I brace myself before I enter the examining room reviewing the scenarios:  is the woman actually taking the medications or selling them? I have been fooled several times.  If she is taking the medication, is she fully informed about the risks (messes up hormone levels, causes depression, can't drive safely, efficacy wanes overtime as our body gains tolerance)?  Has she tried other things to live with her pain with fewer side effects (acupuncture, meditation, writing, gentle yoga, swimming)?  Where is her pain?  Often time the answer is 'all over.' I remind myself that Dr. Flinders wisely responds "unfortunately these medicines don't help with psychic pain" in such a situation.  I consider the threats I may confront before I enter the exam room with a patient.  "Well, doc, if you don't give me more (fill in the blank benzo or opiate) I will just have to go back to drinking alcohol. I don't want to go back to the booze but I will if I have too."  This happened to me more times than I can count during my residency training.

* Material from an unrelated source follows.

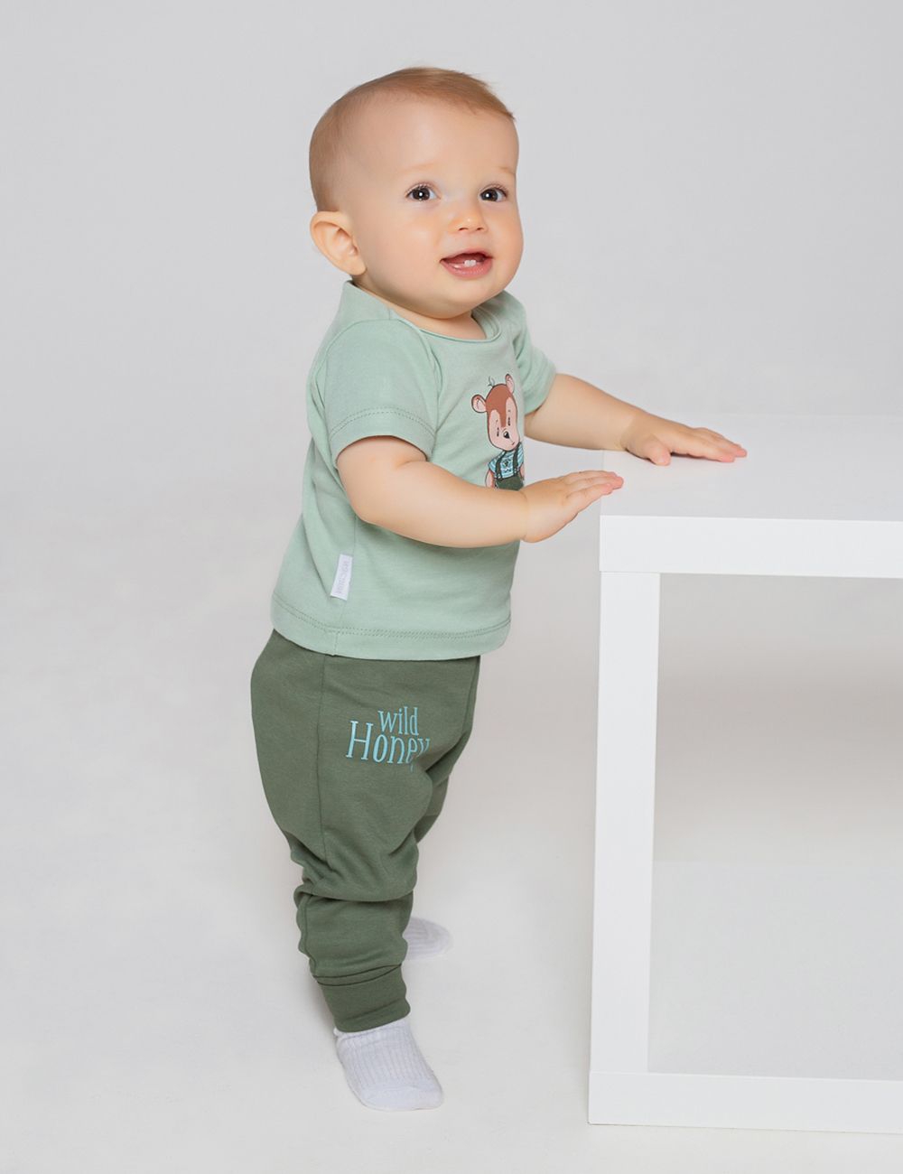 Футболка из коллекции «Одди» предназначена для новорожденных и малышей, выполнена из интерлока (100% хлопок), материал средней плотности, нежный и эластичный, пропускает воздух и сохраняет тепло. Застежка на плече позволит в считанные секунды переодеть малыша. Стильный принт, нанесённый методом шелкографии на ткани. Модель будет идеально сочетаться со штанишками из одноимённой коллекции.

Now I look at the orange plastic pill bottles with childproof white lids lined up on my dresser. Ibuprofen, Bactrim, Ondasetron.  These words do not bring back distressful patient stories.  The remaining two, oxycodone/acetaminophen (Percocet) or lorazepam (Ativan), brought back the proceeding paragraphs.  Now after having those bottles in my possession for 2 days, those two bottles stare back at me almost as a friendly joke.  My full name in bold printed on each. Several pills already missing from the total count.  I think how much I enjoyed each pill, what comfort it afforded me.  Two more hours of sleep with tolerable pain, a slow walk around the block with David with both dogs to get some fresh air.  Less muscle spasm so I could dress myself more easily.  All the misuse associated with those medications, the deep sorrow my patients carried, my involvement in propagating their use with grave misgivings.  All that darkness slid away.  And again I was thankful.


Nitty Gritty:
1. I am home from the hospital and doing well.
2. I took two short walks today.  Slow walks while David wrangled Luna and Olive himself.
3. I am very sore but it is manageable.
4. I am not nauseous!
5. I have two drains coming out of my arm pit. They will be in for awhile.
6. My surgeon removed two sentinel lymph nodes.  Neither showed cancer during the quick testing they can do during the surgery.  Final results will be ready in about two weeks along with the rest of the tumor results that will help determine what further treatment I need.
7. Friends are taking turns making delicious dinners for my parents, David and I. 
8.  A hummingbird flew into the dining room during dinner tonight.  It left some tiny,tiny feathers then flew back out the door.

Monday, July 23, 2012

Surgery Update

Jessica is out of surgery!  She has been moved to the recovery room and is doing great!  The surgeons said that both the mastectomy and the expander placement went very smooth, no complications, completely straight forward.  Now we wait for Jess to recover.  More updates to come!

*** UPDATE ***
Jessica is out of the recovery room, has zero nausea (is actually drinking a lot, and eating crackers and jello), and is doing great.  she is even feeling up to updating her own blog.  The following is Jessica (slightly drugged) updating her blog (David acting as stenographer):

Hi everybody! that was the best saltine cracker I have ever eaten in my entire life!  We have a view of the city, and I hope to get the oxygen nose prongs out soon.  I'm doing well, and I have been getting wonderful care.  David is staying over night with me in the hospital, and my parents are staying in Oakland with Marc and Lynne(one block from Obama).  Thanks for all the LOVE, good energy, and support. I felt totally surrounded by goodness and healing.